Conduct Inferential Test (Wilcoxon Sign Rank)
wilcox.test(Stress_Pre, Stress_Post, paired = TRUE)
##
## Wilcoxon signed rank exact test
##
## data: Stress_Pre and Stress_Post
## V = 620, p-value = 2.503e-09
## alternative hypothesis: true location shift is not equal to 0
print("As the value of p < 0.05 (p = 0.000000002503), this means the results were SIGNIFICANT.")
## [1] "As the value of p < 0.05 (p = 0.000000002503), this means the results were SIGNIFICANT."
Calculate the Effect Size (Rank Biserial Correlation for
Mann-Whitney U)
df_long <- data.frame(
id = rep(1:length(Stress_Pre), 2),
time = rep(c("Pre", "Post"), each = length(Stress_Pre)),
stress = c(Stress_Pre, Stress_Post)
)
effect_size_result <- wilcox_effsize(df_long, stress ~ time, paired = TRUE)
print(effect_size_result)
## # A tibble: 1 × 7
## .y. group1 group2 effsize n1 n2 magnitude
## * <chr> <chr> <chr> <dbl> <int> <int> <ord>
## 1 stress Post Pre 0.844 35 35 large
print("As the size of the effect is (0.84), this means the effect is 'Very Large'.")

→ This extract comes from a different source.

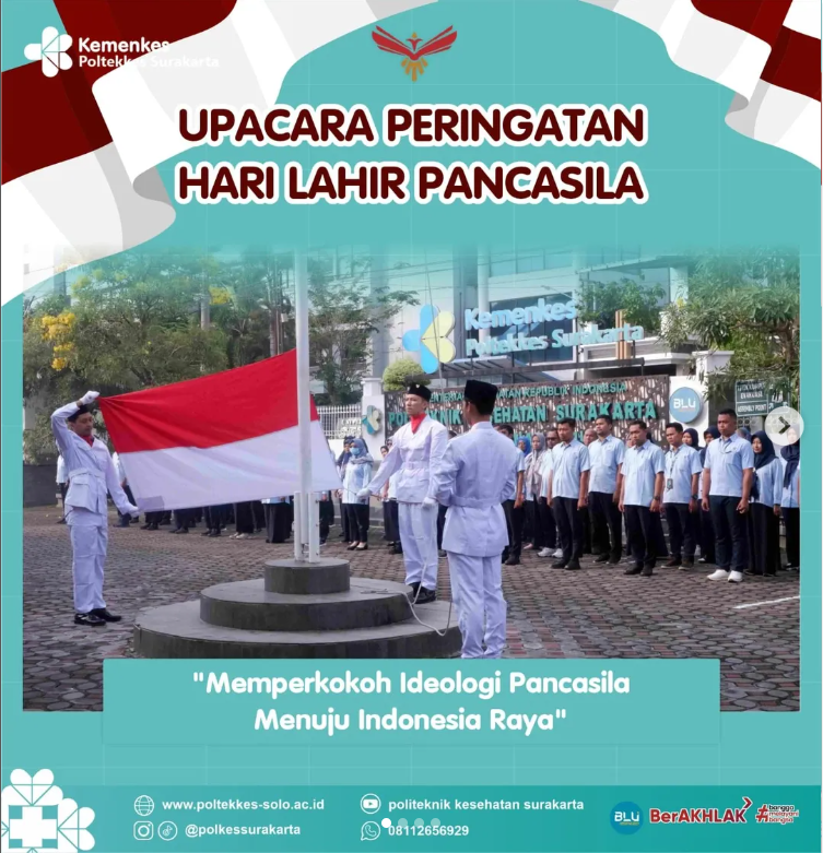 Upacara memperingati Hari Lahir Pancasila tahun 2025 "Memperkokoh Ideologi Pancasila, Menuju Indonesia Raya" #SalamSehat #Polkesta #BLUspeed #BLUuntukIndonesia #BLUberstrategipulihkanekonomi #DitjenNakes #KemenkesRI telepon : 0271 856929 WA : 08112656929 web : www.

## [1] "As the size of the effect is (0.84), this means the effect is 'Very Large'."
Report the Results
cat("There was a significant difference in the stress between Pre-Stress Group (Mdn = 47.24) and Post-Stress (Mdn = 40.84), V = 620, p = .000000002503 The effect size was very large (r₍rb₎ = .84).")
## There was a significant difference in the stress between Pre-Stress Group (Mdn = 47.24) and Post-Stress (Mdn = 40.84), V = 620, p = .000000002503 The effect size was very large (r₍rb₎ = .84).